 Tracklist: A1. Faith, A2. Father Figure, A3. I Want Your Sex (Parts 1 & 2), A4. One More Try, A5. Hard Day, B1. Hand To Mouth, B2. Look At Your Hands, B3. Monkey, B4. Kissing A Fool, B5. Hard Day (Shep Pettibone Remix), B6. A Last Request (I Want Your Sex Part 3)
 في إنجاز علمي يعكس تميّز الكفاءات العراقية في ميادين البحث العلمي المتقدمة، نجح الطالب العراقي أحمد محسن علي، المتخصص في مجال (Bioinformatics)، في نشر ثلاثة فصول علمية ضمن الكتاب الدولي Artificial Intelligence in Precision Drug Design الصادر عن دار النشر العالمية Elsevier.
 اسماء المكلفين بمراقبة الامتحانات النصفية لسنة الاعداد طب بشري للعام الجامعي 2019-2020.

○ ○ ○

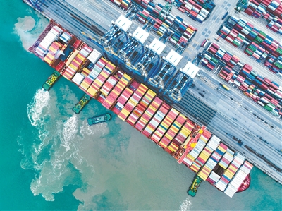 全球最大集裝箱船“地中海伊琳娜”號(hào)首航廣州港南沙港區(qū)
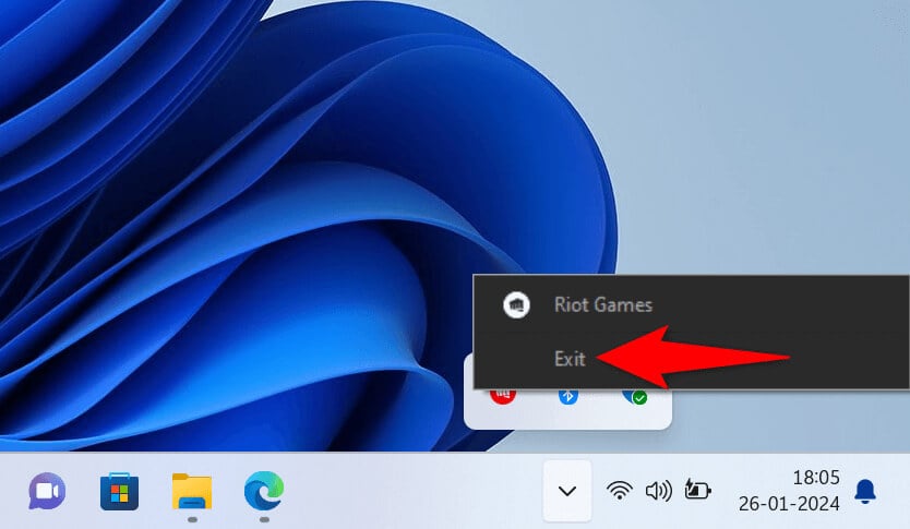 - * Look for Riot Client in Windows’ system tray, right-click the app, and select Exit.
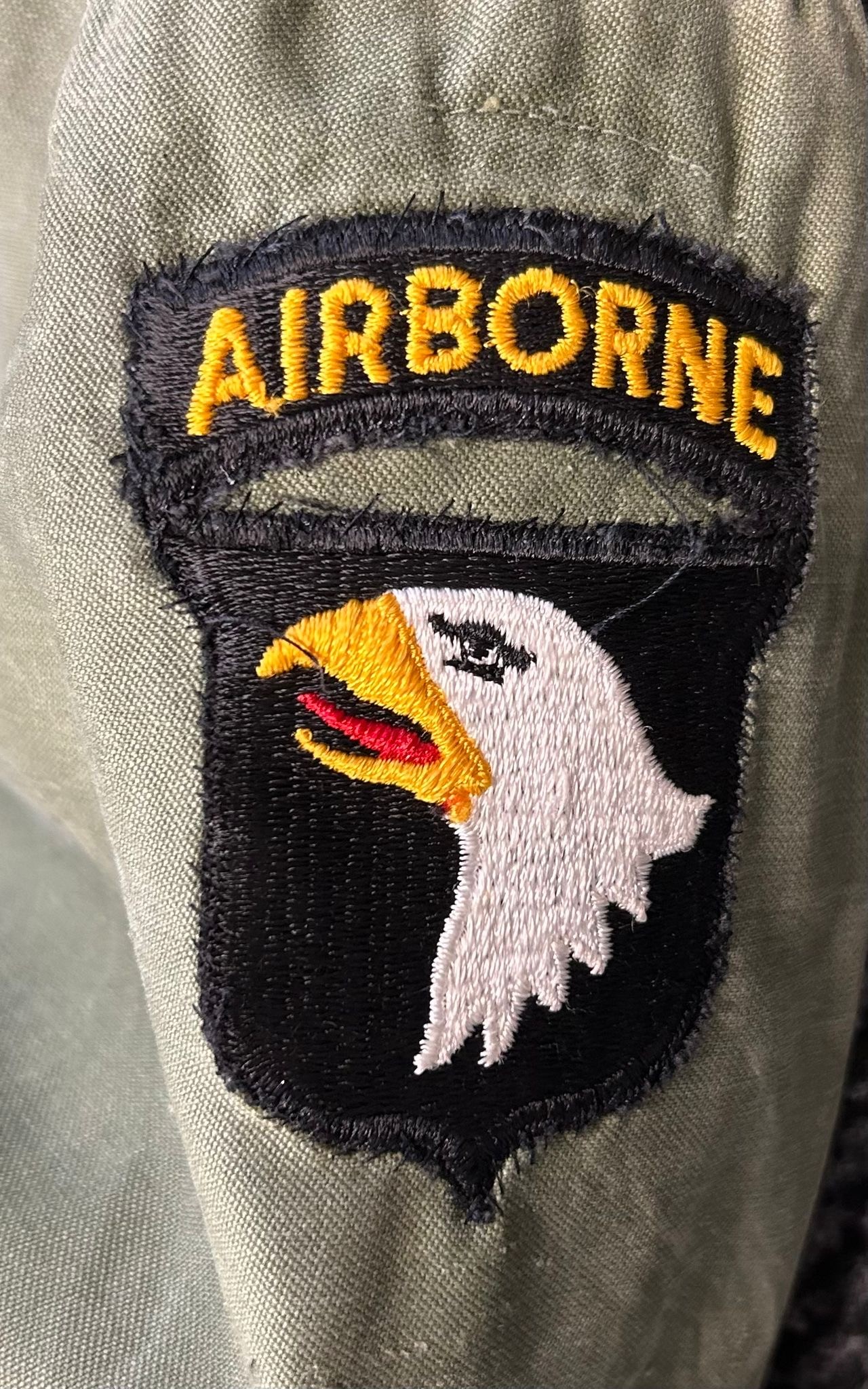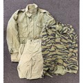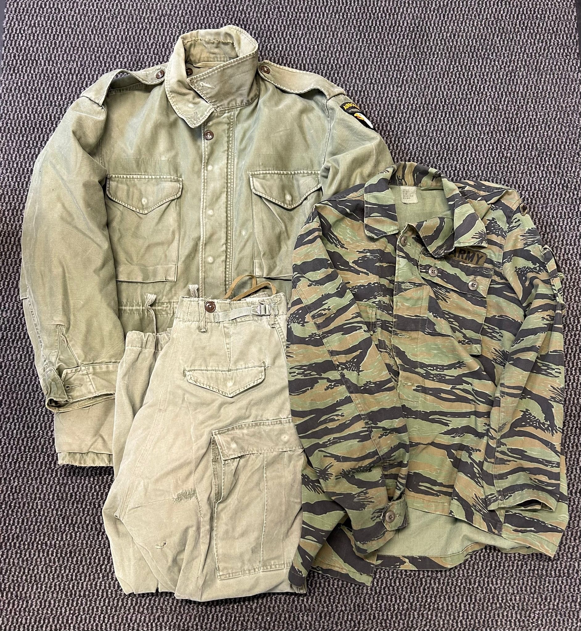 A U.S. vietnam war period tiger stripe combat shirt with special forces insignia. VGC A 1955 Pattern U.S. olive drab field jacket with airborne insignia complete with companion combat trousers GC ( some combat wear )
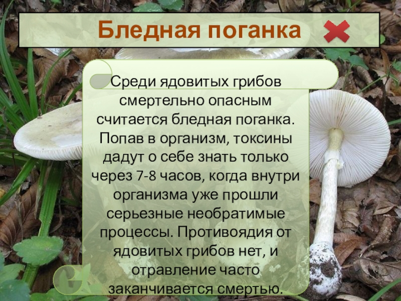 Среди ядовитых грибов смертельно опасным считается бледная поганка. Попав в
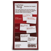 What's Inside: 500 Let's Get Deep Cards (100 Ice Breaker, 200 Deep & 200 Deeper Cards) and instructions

○ ○ ○

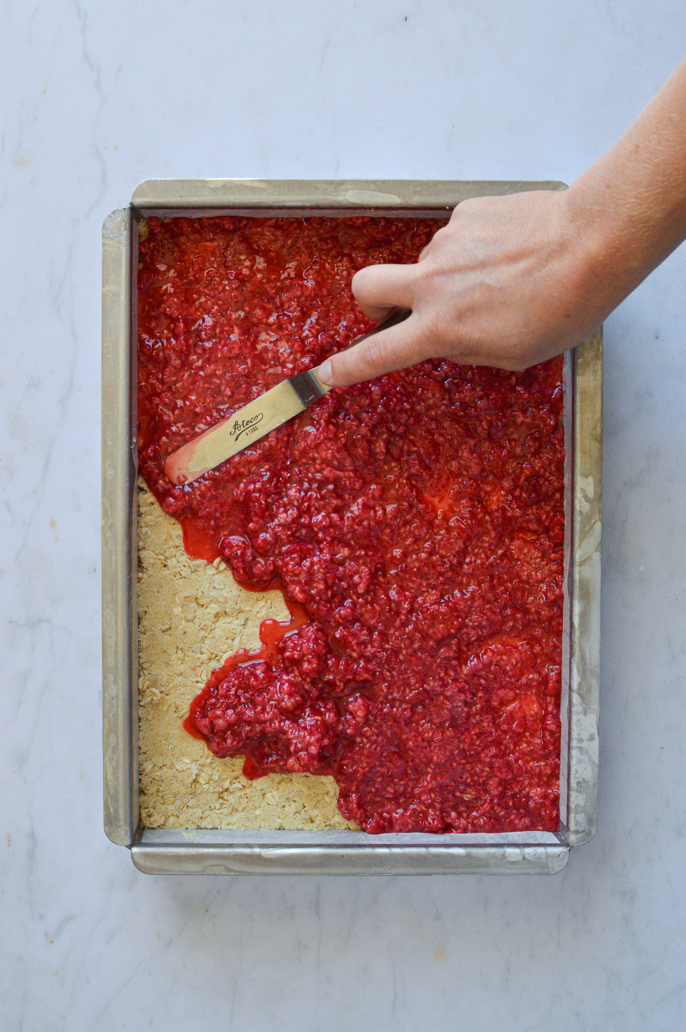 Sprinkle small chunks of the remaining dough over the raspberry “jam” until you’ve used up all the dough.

○ ○ ○

Action item: Of all the material above, only the lines from the one that has "- * Look for" down to the one that has "What's Inside: 500" are to be written out, exactly and with both ends included. Pictures are skipped.

Solution:
 - * Look for Riot Client in Windows’ system tray, right-click the app, and select Exit.
 A U.S. vietnam war period tiger stripe combat shirt with special forces insignia. VGC A 1955 Pattern U.S. olive drab field jacket with airborne insignia complete with companion combat trousers GC ( some combat wear )
 Среди ядовитых грибов смертельно опасным считается бледная поганка. Попав в
 What's Inside: 500 Let's Get Deep Cards (100 Ice Breaker, 200 Deep & 200 Deeper Cards) and instructions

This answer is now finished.